Source records Start Marker
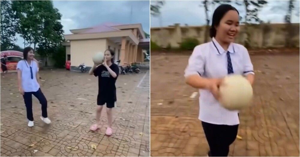 На перемене девочки играли в мяч, и одна из них, несмотря на старания, ни разу не попала по мячу. Но её желание участвовать и не сдаваться делало игру весёлой и запоминающейся для всех.
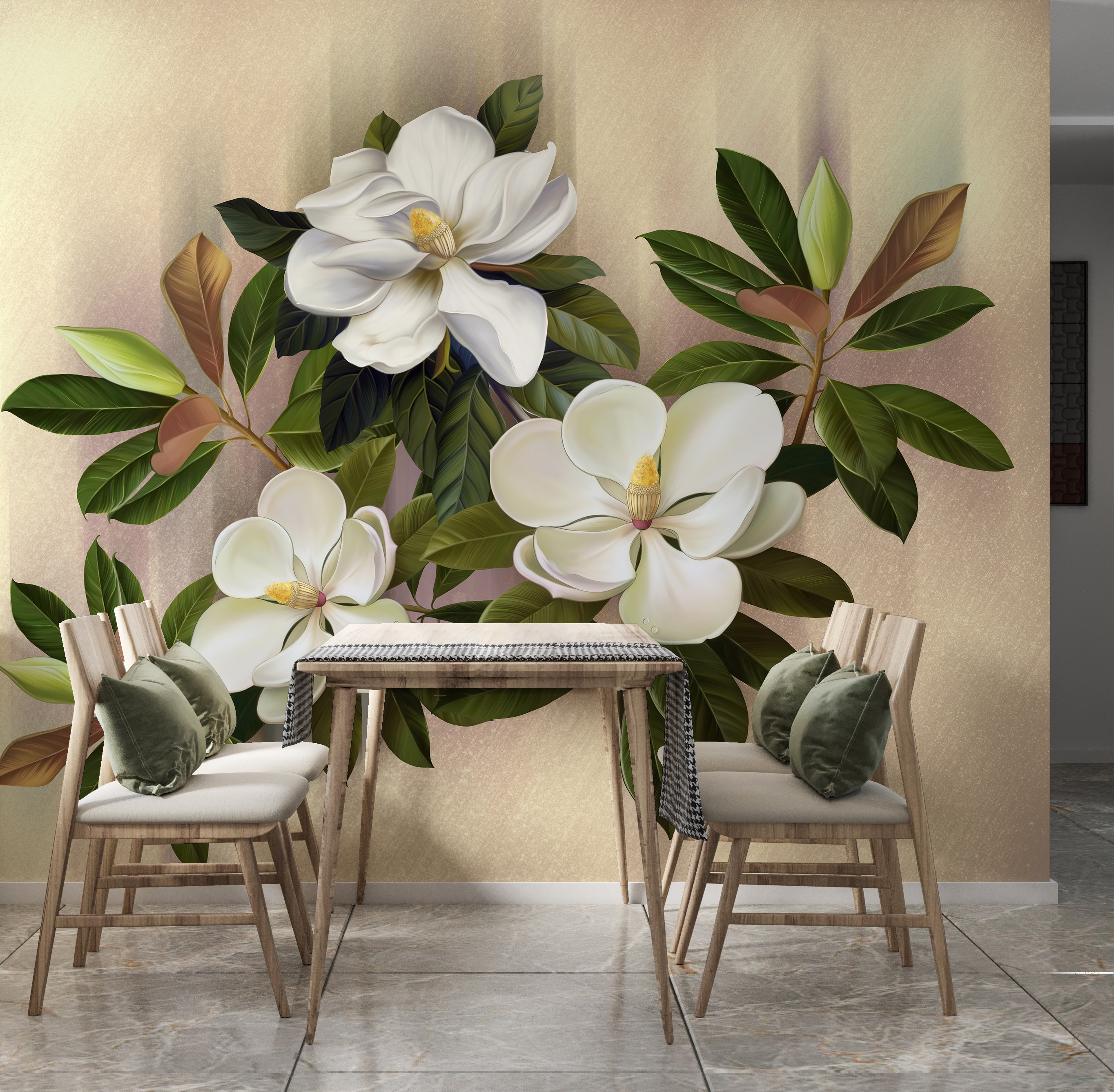 Proměňte jakýkoli pokoj v živou oázu s tapetou „Elegantní květy s bujnými zelenými listy“. Představte si, že vstoupíte do svého obývacího pokoje a přivítají vás tyto nádherné bílé květiny, které si doslova říkají o druhý pohled. Je to jako přivést si zahradu dovnitř – bez otravného hmyzu! Ideální pro útulný koutek na čtení nebo prázdnou zeď, která zoufale potřebuje příběh.
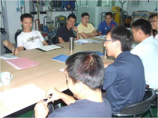 各個區(qū)域的業(yè)務(wù)代表作出了當(dāng)?shù)厥袌龅哪曛袖N售額總結(jié) 今年與上年同期的銷售額的對比 龍神業(yè)務(wù)代表們認(rèn)真地聽蘇經(jīng)理分析2010年下半年汽車市場的走勢 龍神業(yè)務(wù)代表、各部門間的交流 部門間輕松的交流氣氛渲染了整個會議室
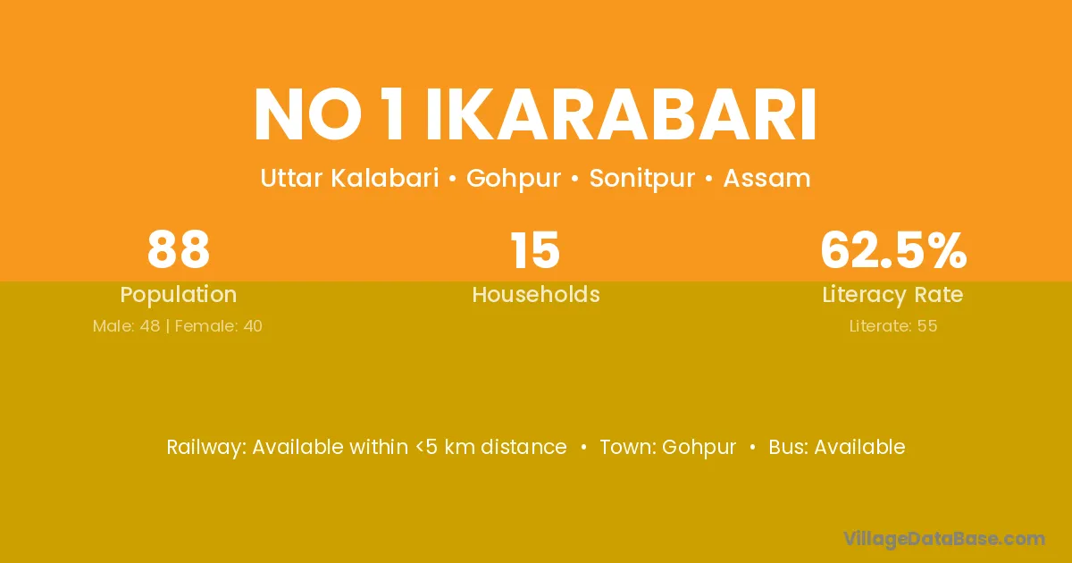 No 1 Ikarabari village has a total population of 88 people, of which 48 are males and 40 are females.
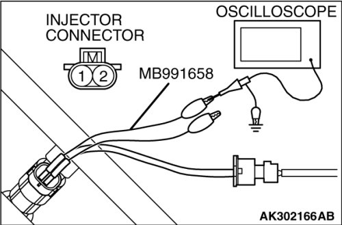 3. Connect the oscilloscope probe to injector connector terminal No. 2.
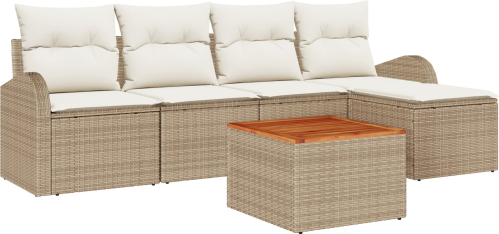 Zestaw 6-częściowy sof ogrodowych vidaXL z poduszkami Beżowy Polirattan Akacja
Source records End Marker
* Assignment *
Exact reproduction is required for the lines from the one containing "Proměňte jakýkoli pokoj" through the end of the material, and for those lines only, without pictures.

* Exercise result *
 Proměňte jakýkoli pokoj v živou oázu s tapetou „Elegantní květy s bujnými zelenými listy“. Představte si, že vstoupíte do svého obývacího pokoje a přivítají vás tyto nádherné bílé květiny, které si doslova říkají o druhý pohled. Je to jako přivést si zahradu dovnitř – bez otravného hmyzu! Ideální pro útulný koutek na čtení nebo prázdnou zeď, která zoufale potřebuje příběh.
 各個區(qū)域的業(yè)務(wù)代表作出了當(dāng)?shù)厥袌龅哪曛袖N售額總結(jié) 今年與上年同期的銷售額的對比 龍神業(yè)務(wù)代表們認(rèn)真地聽蘇經(jīng)理分析2010年下半年汽車市場的走勢 龍神業(yè)務(wù)代表、各部門間的交流 部門間輕松的交流氣氛渲染了整個會議室
 No 1 Ikarabari village has a total population of 88 people, of which 48 are males and 40 are females.
 3. Connect the oscilloscope probe to injector connector terminal No. 2.
 Zestaw 6-częściowy sof ogrodowych vidaXL z poduszkami Beżowy Polirattan Akacja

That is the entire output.